I must use the $\epsilon-N$ definition to prove $$\lim_{n\to\infty}\dfrac{a_1+a_2 \hspace{3px}+\hspace{3px}...\hspace{3px}+\hspace{3px}a_n}{n} = L$$ when $\displaystyle \lim_{n\to \infty} a_n = L$. Does anybody have any pointers as to how to start this problem?

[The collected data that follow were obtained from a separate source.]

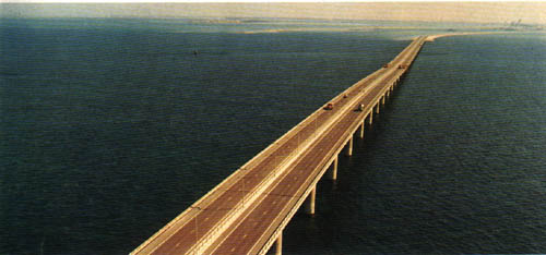 بداية جسر الملك فهد، من المملكة العربية السعودية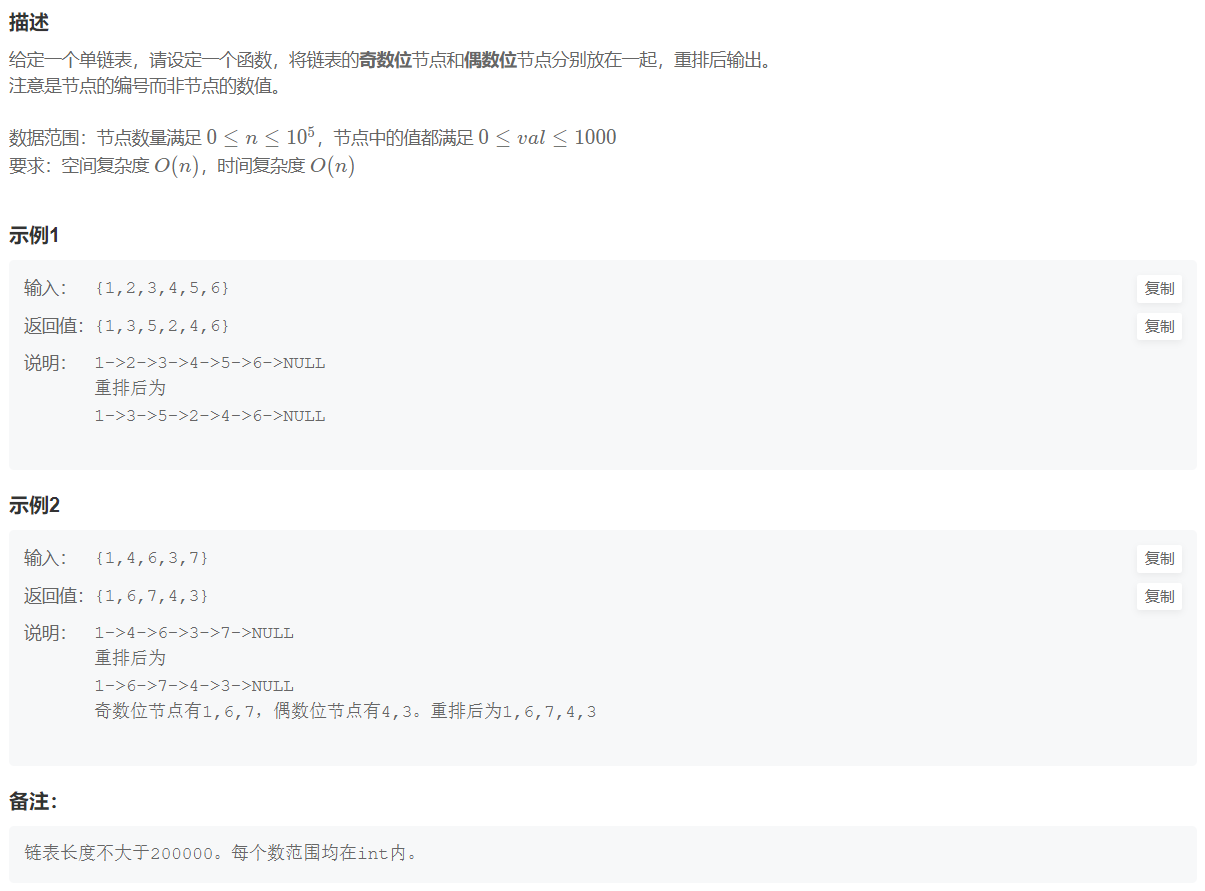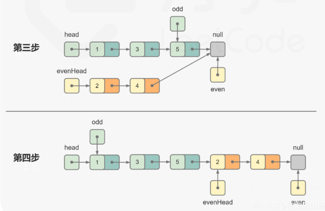 流程演示:(来自于题解链表的奇偶重排_牛客题霸_牛客网 (nowcoder.com))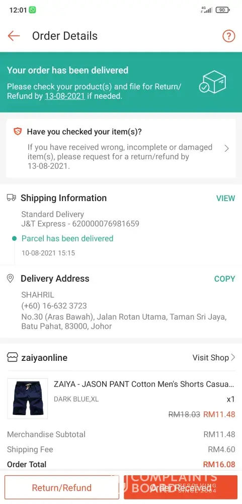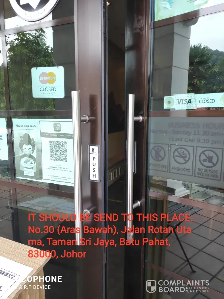 I would like to complain about item that your crew delivered. It seems my item had not reached to my place address No.30 (Aras Bawah), Jalan Rotan Utama, Taman Sri Jaya, Batu Pahat, 83000, Johor.

I'm stumped.

Answer 1

Let $\epsilon >0$ and choose $n_0$ such that $|a_n-L| <\epsilon$ for $n >n_0$. Let $n_1$ be an integer exceeding $\frac 2 {\epsilon\sum_{k\leq n_0} |a_k-L|}$. Then, for any $n \geq \max \{n_0,n_1\}$ we have $|\frac {a_1+a_2+..+a_n} n -L|=|\frac {(a_1-L)+(a_2-L)+..+(a_n-L)} n| < \epsilon /2+\frac 1 n (n-n_0+1)\epsilon /2<\epsilon$.

Answer 2

You know that $$L=\lim_{n\to\infty}\frac{a_{n+1}}{1}=\lim_{n\to\infty}\frac{\sum_{k=1}^{n+1}a_k-\sum_{k=1}^na_k}{n+1-n}.$$By the Stolz–Cesàro theorem (for an $\epsilon$-$N$ proof of it you can adapt to the special case of your problem viz. $b_n=n$, see here), $L=\lim_{n\to\infty}\frac{\sum_{k=1}^na_k}{n}$ as required.

Answer 3

WLOG, assume $L=0$ (otherwise, subtract $L$ from all terms).

From the hypothesis,

$$\forall\epsilon>0:\exists N:\forall n>N:-\epsilon<a_n<\epsilon.$$

Then, adding all inequalities between $N$ and $n$,

$$\forall\epsilon>0:\exists N:\forall n>N:-(n-N)\epsilon<\sum_{k=N+1}^na_k<(n-N)\epsilon,$$

which we can write

$$\forall\epsilon>0:\exists N:\forall n>N:\frac1n\sum_{k=1}^Na_k-\frac{n-N}n\epsilon<\frac1n\sum_{k=1}^na_k<\frac1n\sum_{k=1}^Na_k+\frac{n-N}n\epsilon.$$

As $n$ is unbounded, we can find an $M\ge N$ such that $\forall n>M$,

$$\frac1n\left(\sum_{k=1}^na_k+N\epsilon\right)<\frac\epsilon2$$ and we now have

$$\forall\epsilon>0:\exists M:\forall n>M:-\frac\epsilon2<\frac1n\sum_{k=1}^na_k<\frac32\epsilon.$$